**Given entries**
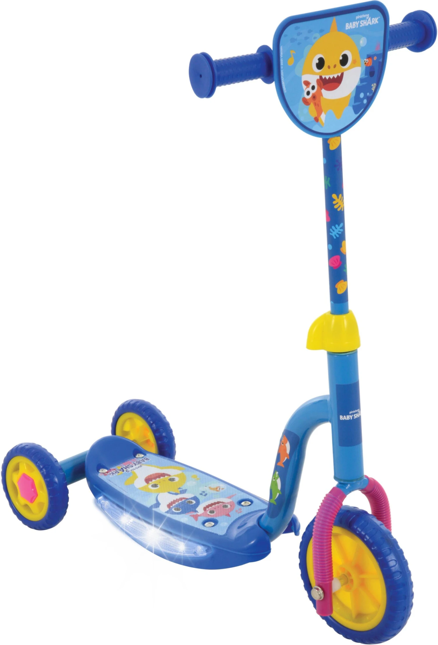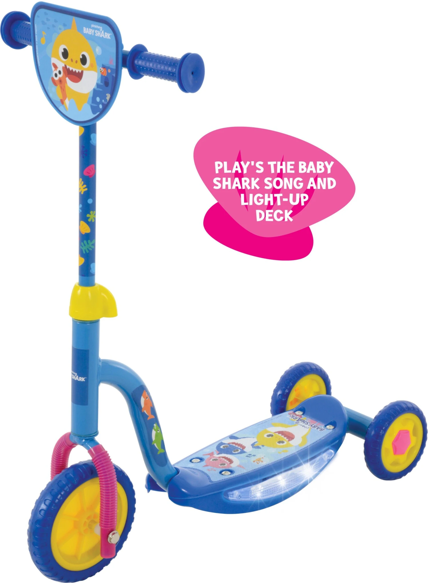 Let's scoot and sing with Baby Shark Lights and sounds tri-scooter. Simply press the switch on the scooter and it willl play the famous Baby Shark song with intergrated flashing LED side deck lights, this is the ultimate scooter!
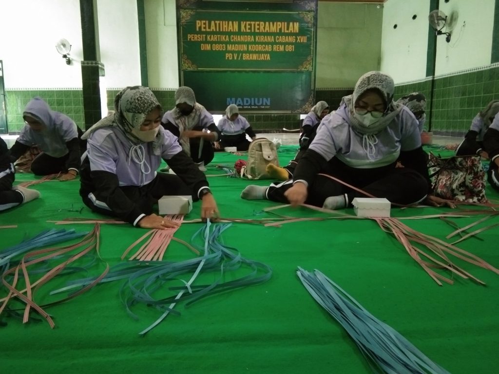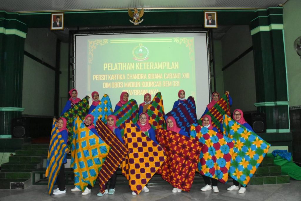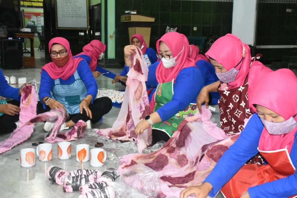 Dengan tetap mengedepankan protokol kesehatan, Ketua Persit Kartika Chandra Kirana Cabang XVII Kodim 0803 Madiun Ny Sisca Edwin Charles bersama anggota persit melaksanakan pelatihan membuat batik dan kerajinan anyaman, Rabu (27/01/2021).
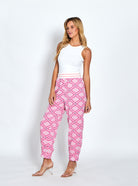 When Leoni does the matching set, the results are always seriously covetable! This silky feel-twill Celine Jogger is made with finest fabric to give you the softest feel to your skin and patterned with the unmistakable 'Supreme' print. Wear them with your favorite tee, tank, sweatshirt or matching jacket from Leoni.
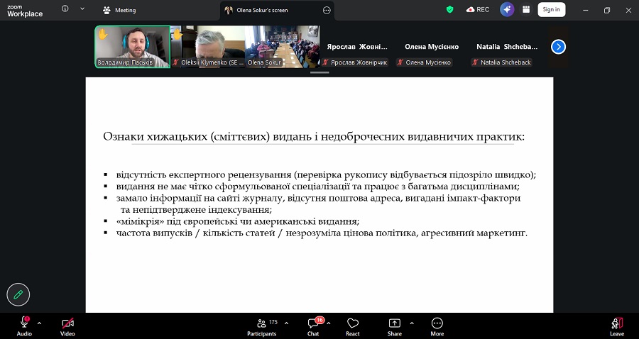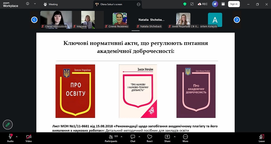 У межах вебінару було розглянуто ключові аспекти академічної доброчесності, зокрема її сутність і складники, вимоги законодавства України, основні види порушень та підходи до їх запобігання. Окрему увагу приділено принципам роботи антиплагіатних систем і практичним рекомендаціям для авторів наукових публікацій.
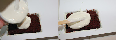 6) When the chocolate is set, spread a thin 1/4 inch layer of your whipped cream or chocolate mouse into the bottom of each of the mold cavities. Press one piece of your cut chocolate cake into each mold so that the cake sits below the edge of the mold cavity. This is so that we have space to top off with more melted chocolate.
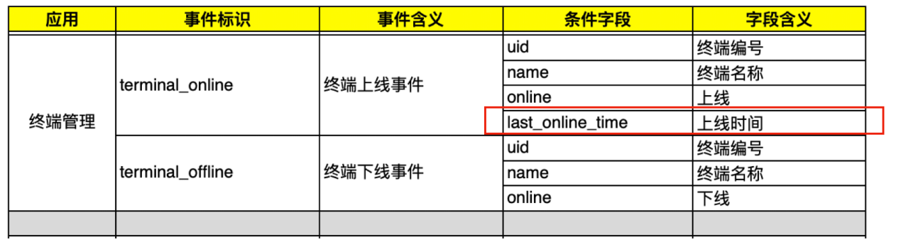 对 “终端管理” 应用委托的代理服务来说,代理事件只有两项可以选择:“终端上线” 事件和 “终端下线”事件。
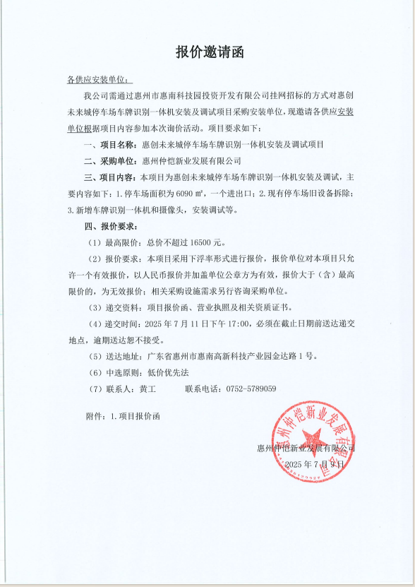 【報價邀請函】惠創(chuàng)未來城停車場車牌識別一體機安裝及調(diào)試項目采購安裝單位
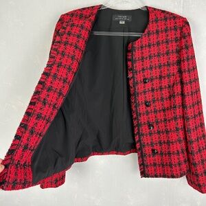 Tahari size 12 tweed jacket black plaid collarless preppy academia open front
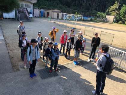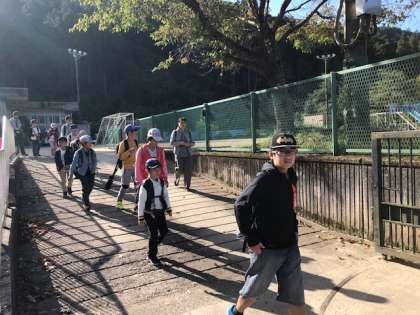秋晴れの空の下、自分のめあてを各自が声に出して確認し、出発しました。
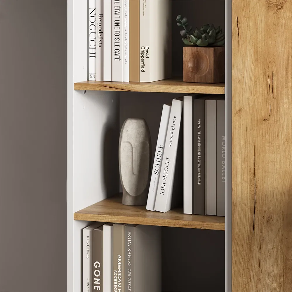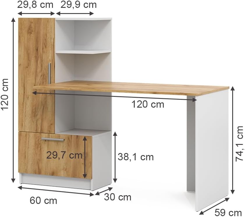Un espacio de trabajo eficiente comienza con un escritorio bien diseñado. Nuestro escritorio con 2 puertas abatibles con tiradores y un estantes abierto espacioso es la elección ideal para quienes buscan una combinación perfecta de funcionalidad y estilo. Este mueble, en un sofisticado color blanco y roble, no solo optimiza tu espacio de trabajo, sino que también añade un toque de elegancia moderna a cualquier habitación.
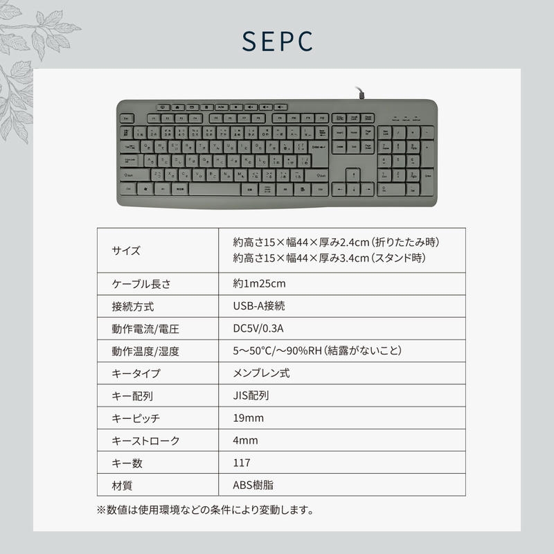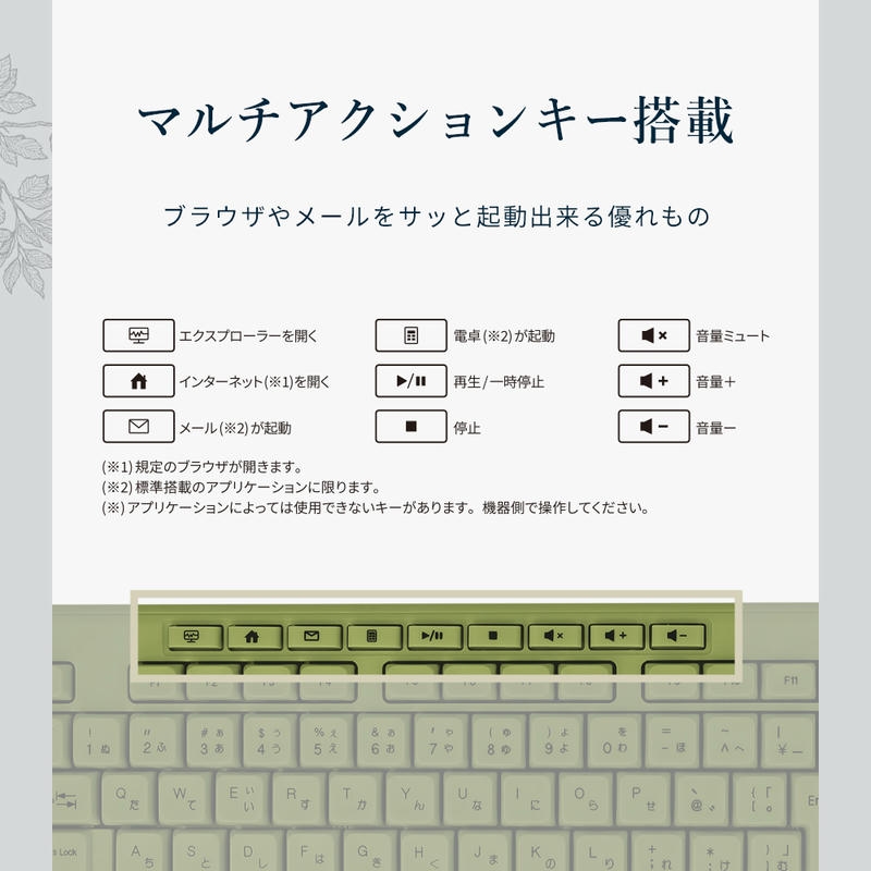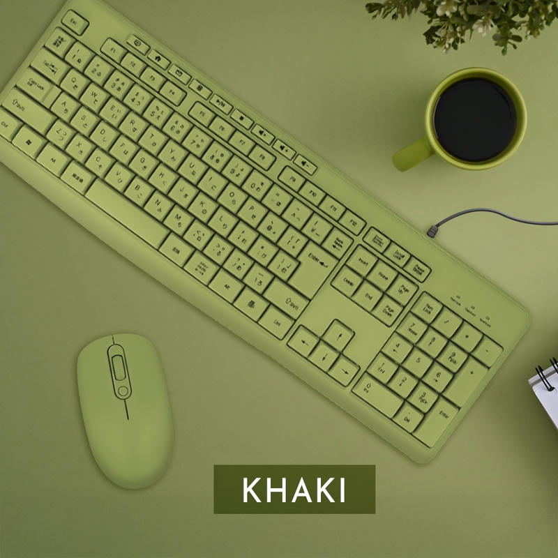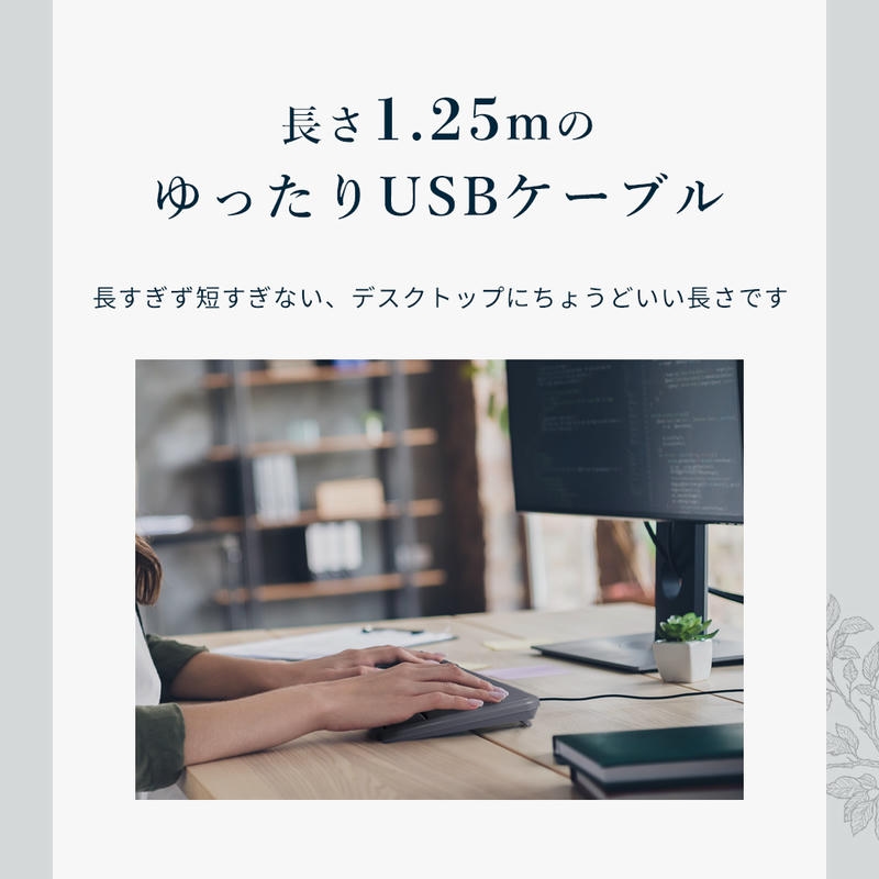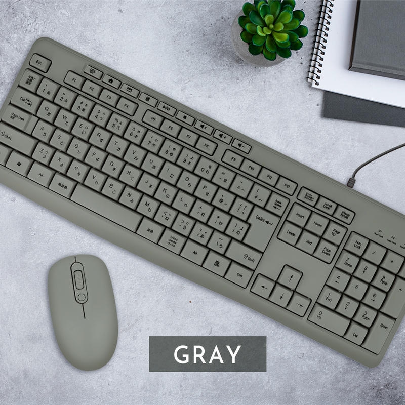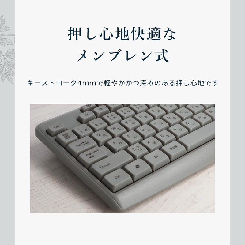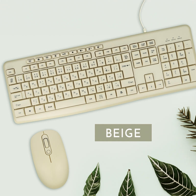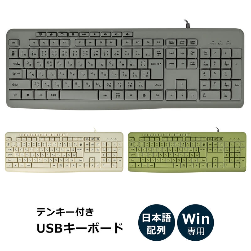 アースカラーがおしゃれな有線接続のUSBキーボードです。

**The problem**
Only the lines above starting with the line with "When Leoni does" and going on through the line with "У межах вебінару" belong in the answer; repeat them exactly, minus any picture.

**Output for this task**
 When Leoni does the matching set, the results are always seriously covetable! This silky feel-twill Celine Jogger is made with finest fabric to give you the softest feel to your skin and patterned with the unmistakable 'Supreme' print. Wear them with your favorite tee, tank, sweatshirt or matching jacket from Leoni.
 У межах вебінару було розглянуто ключові аспекти академічної доброчесності, зокрема її сутність і складники, вимоги законодавства України, основні види порушень та підходи до їх запобігання. Окрему увагу приділено принципам роботи антиплагіатних систем і практичним рекомендаціям для авторів наукових публікацій.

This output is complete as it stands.